[Data extracted from a collection]
((

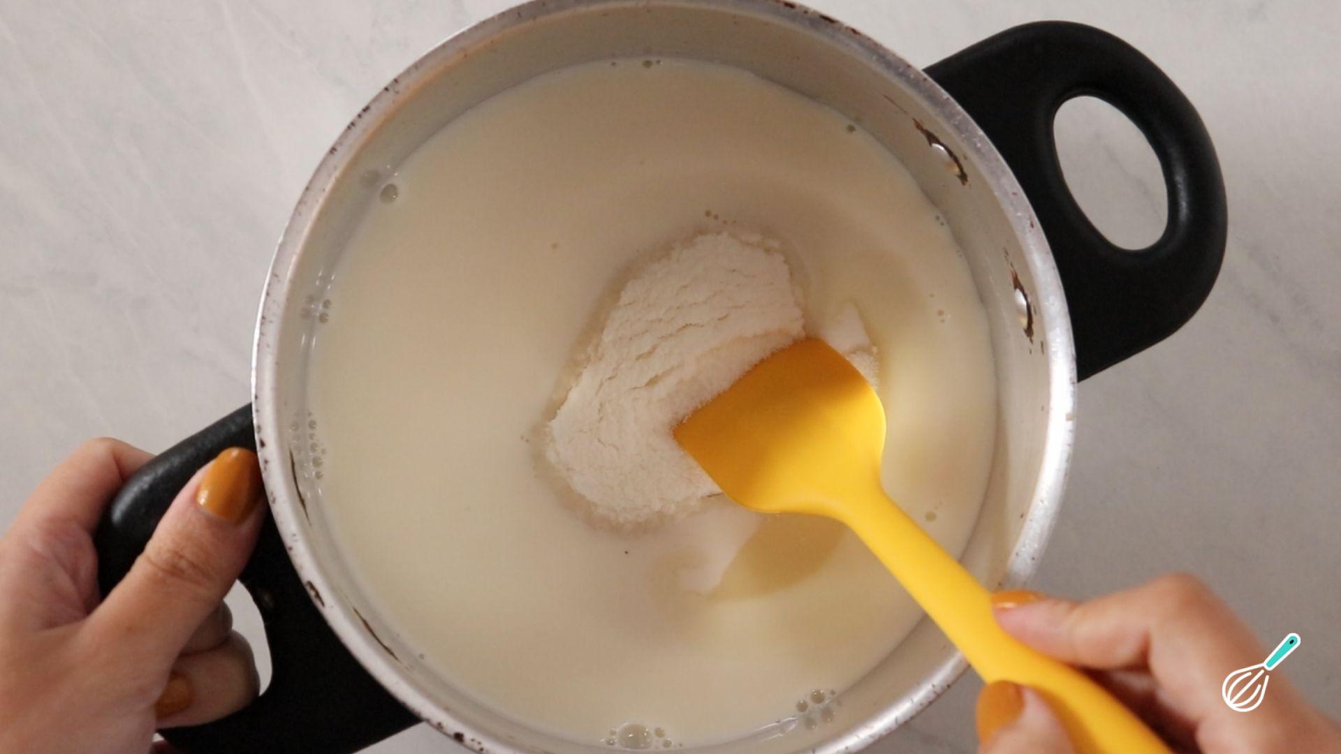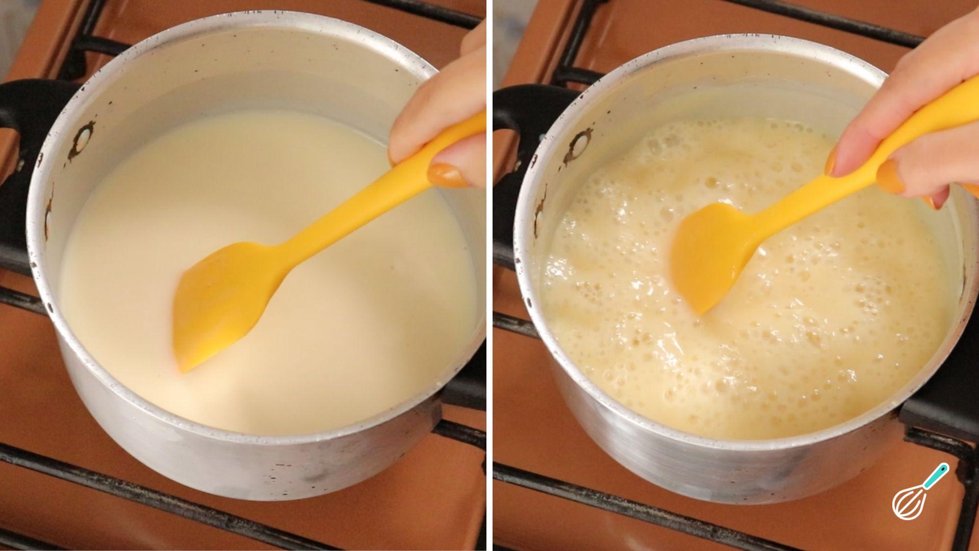 Coloque todos os ingredientes do doce de leite em uma panela e misture bem.
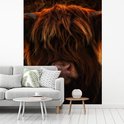 Fotobehang - Schotse Hooglander - Koe - Zwart - Portret - Woonkamer - Slaapkamer - Kinderkamer
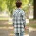 long-sleeved flannel shirt, often referred to as a "shacket" if the fabric is heavy enough. It features a timeless plaid (tartan) pattern in a refreshing palette of sage green, cream, and charcoal grey.
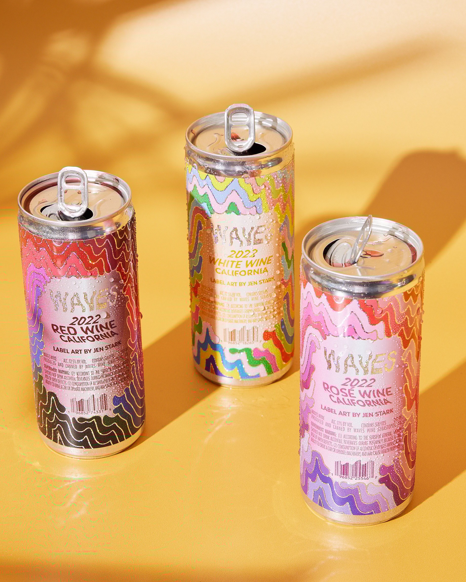 They’re also offering a new canned wine brand, WAVES, in collaboration with L.A.-based visual artist Jen Stark, that showcases their most mind-bending artwork yet, with Stark’s signature psychedelic renderings wrapped around sparkly aluminum cans.
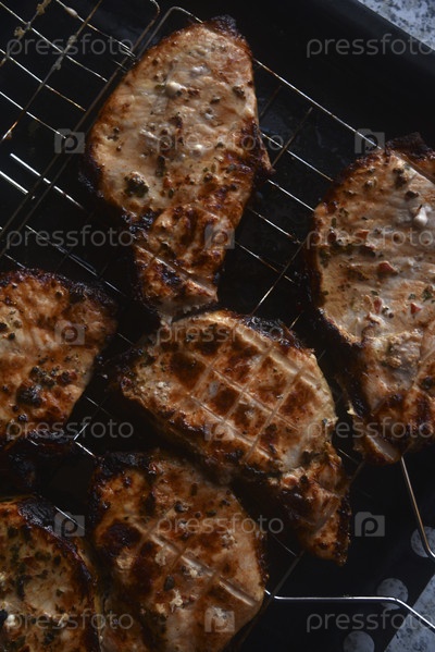 Кусочки жареной свинины. Барбекю. Вкусная жареная свиная вырезка. Куски мяса крупным планом. Мясо на углях
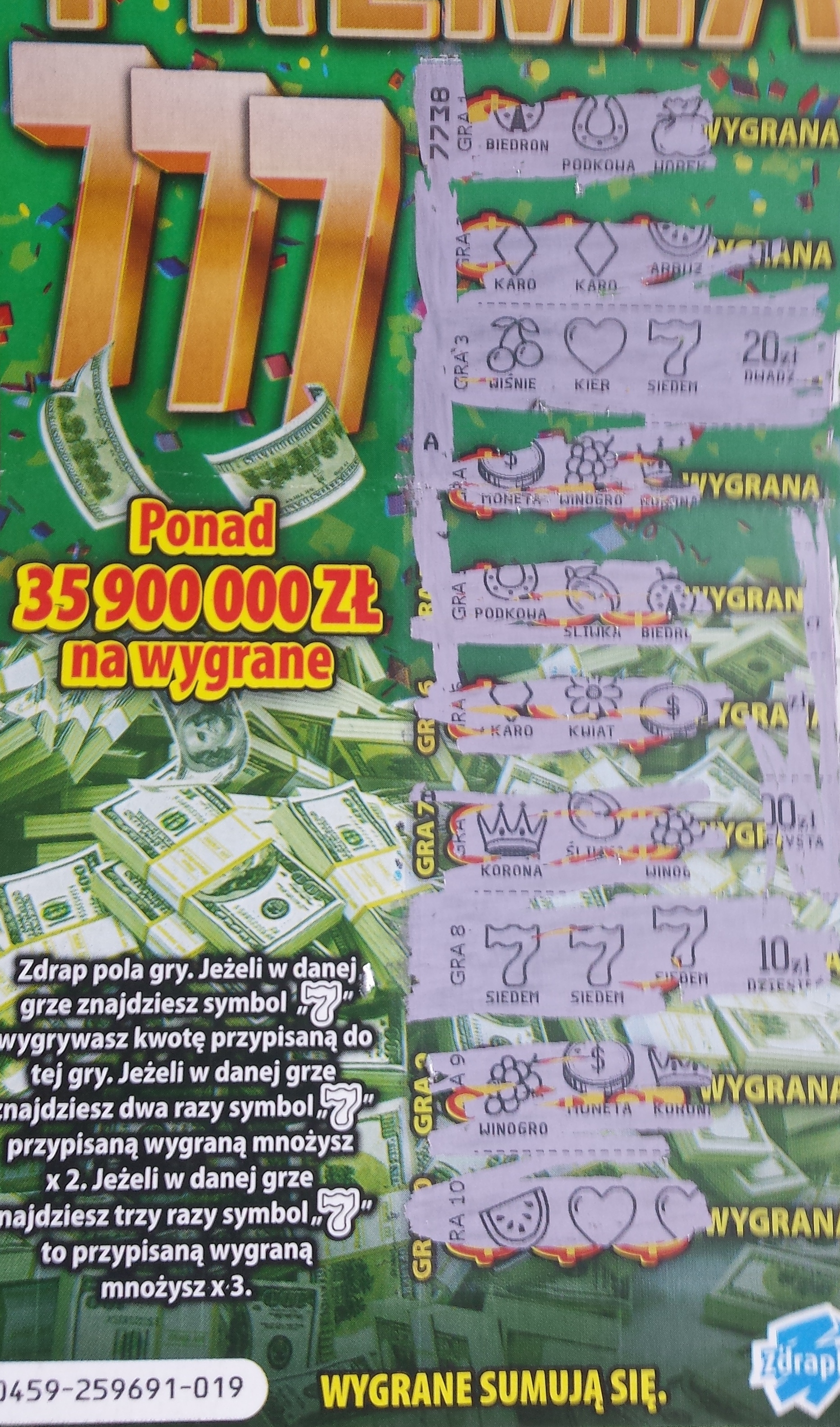 Ja tez więcej wygrywam biorąc po jednej zdrapce . Paczkę premii drapałam wynik 130 zł ...
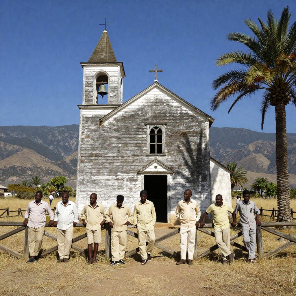 Nine men dressed in beige clothing standing and leaning on a wooden fence in front of an old, weathered wooden church with a bell tower. The scene is set in a dry grassy area with palm trees and mountains visible in the background under a clear blue sky and bright sunlight.
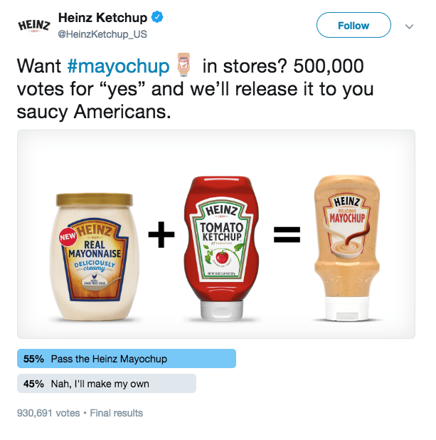 Not only is this an inexpensive way to do a focus group with the entire internet, this single tweet garnered 1 billion impressions in 48 hours. Not to mention all the free PR that is still streaming in as Heinz prepares to launch in select cities.
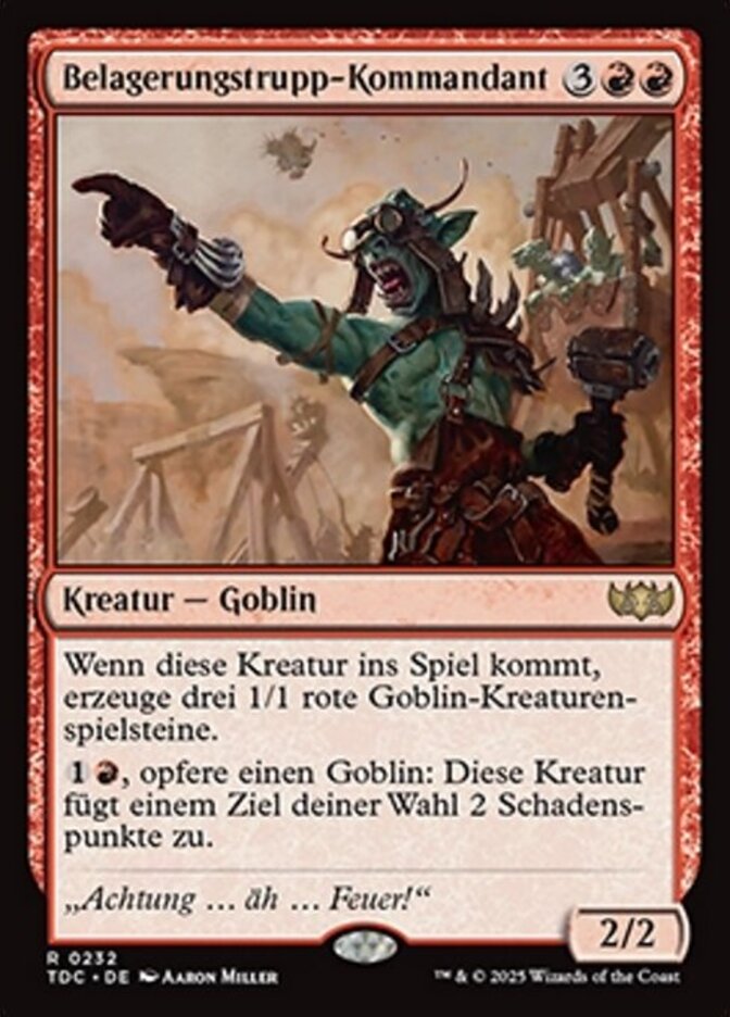 | Rules | When Siege-Gang Commander enters the battlefield, create three 1/1 red Goblin creature tokens. , Sacrifice a Goblin: Siege-Gang Commander deals 2 damage to any target. |
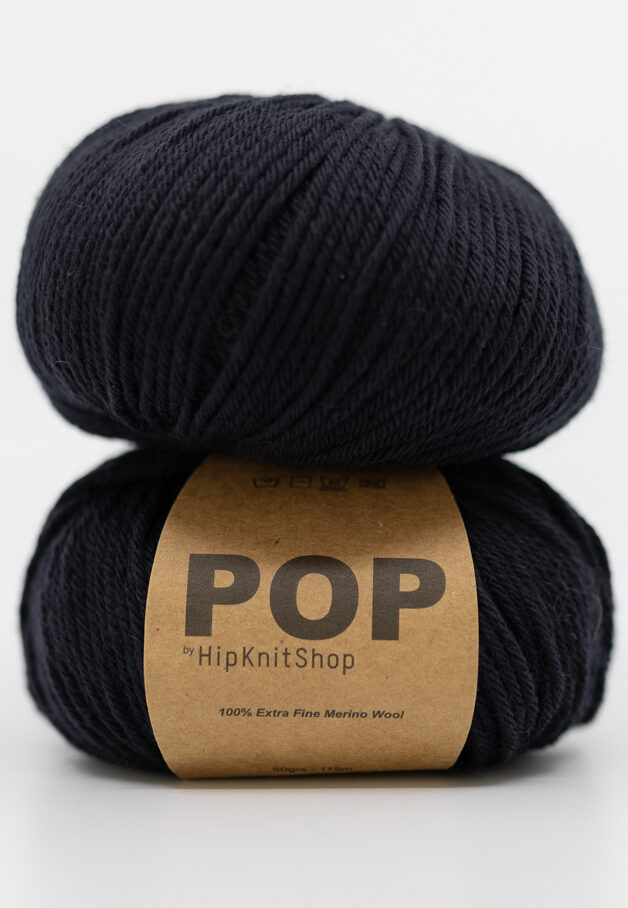 POP merino 100 % ekstra fin merinoull i sort. Supermykt og behagelig mot huden. Lett å strikke med. Merinoull er pustende og slitesterk, holder godt i form og fasong over tid.
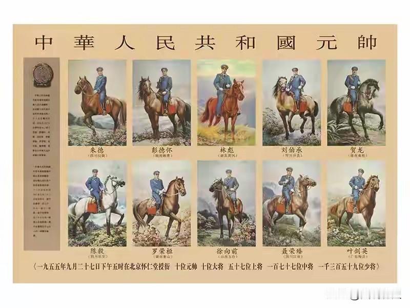两张十大元帅画像,他们分别是五十年代十大元帅骑马个人像和八十年代的十大元帅骑马合影像!这两张图曾经可以说是家喻户晓,基本每家中堂都会悬挂,我记得我小时候家里就挂的有,后来父亲去世了,家里翻新,我就把这两幅画像收了起来,不知道你们见过这两幅画像没?你们说有收藏的价值么?

))

### The problem
Output the whole of the data, unchanged; keep the pictures out.

### Answer space
 Coloque todos os ingredientes do doce de leite em uma panela e misture bem.
 Fotobehang - Schotse Hooglander - Koe - Zwart - Portret - Woonkamer - Slaapkamer - Kinderkamer
 long-sleeved flannel shirt, often referred to as a "shacket" if the fabric is heavy enough. It features a timeless plaid (tartan) pattern in a refreshing palette of sage green, cream, and charcoal grey.
 They’re also offering a new canned wine brand, WAVES, in collaboration with L.A.-based visual artist Jen Stark, that showcases their most mind-bending artwork yet, with Stark’s signature psychedelic renderings wrapped around sparkly aluminum cans.
 Кусочки жареной свинины. Барбекю. Вкусная жареная свиная вырезка. Куски мяса крупным планом. Мясо на углях
 Ja tez więcej wygrywam biorąc po jednej zdrapce . Paczkę premii drapałam wynik 130 zł ...
 Nine men dressed in beige clothing standing and leaning on a wooden fence in front of an old, weathered wooden church with a bell tower. The scene is set in a dry grassy area with palm trees and mountains visible in the background under a clear blue sky and bright sunlight.
 Not only is this an inexpensive way to do a focus group with the entire internet, this single tweet garnered 1 billion impressions in 48 hours. Not to mention all the free PR that is still streaming in as Heinz prepares to launch in select cities.
 | Rules | When Siege-Gang Commander enters the battlefield, create three 1/1 red Goblin creature tokens. , Sacrifice a Goblin: Siege-Gang Commander deals 2 damage to any target. |
 POP merino 100 % ekstra fin merinoull i sort. Supermykt og behagelig mot huden. Lett å strikke med. Merinoull er pustende og slitesterk, holder godt i form og fasong over tid.
两张十大元帅画像,他们分别是五十年代十大元帅骑马个人像和八十年代的十大元帅骑马合影像!这两张图曾经可以说是家喻户晓,基本每家中堂都会悬挂,我记得我小时候家里就挂的有,后来父亲去世了,家里翻新,我就把这两幅画像收了起来,不知道你们见过这两幅画像没?你们说有收藏的价值么?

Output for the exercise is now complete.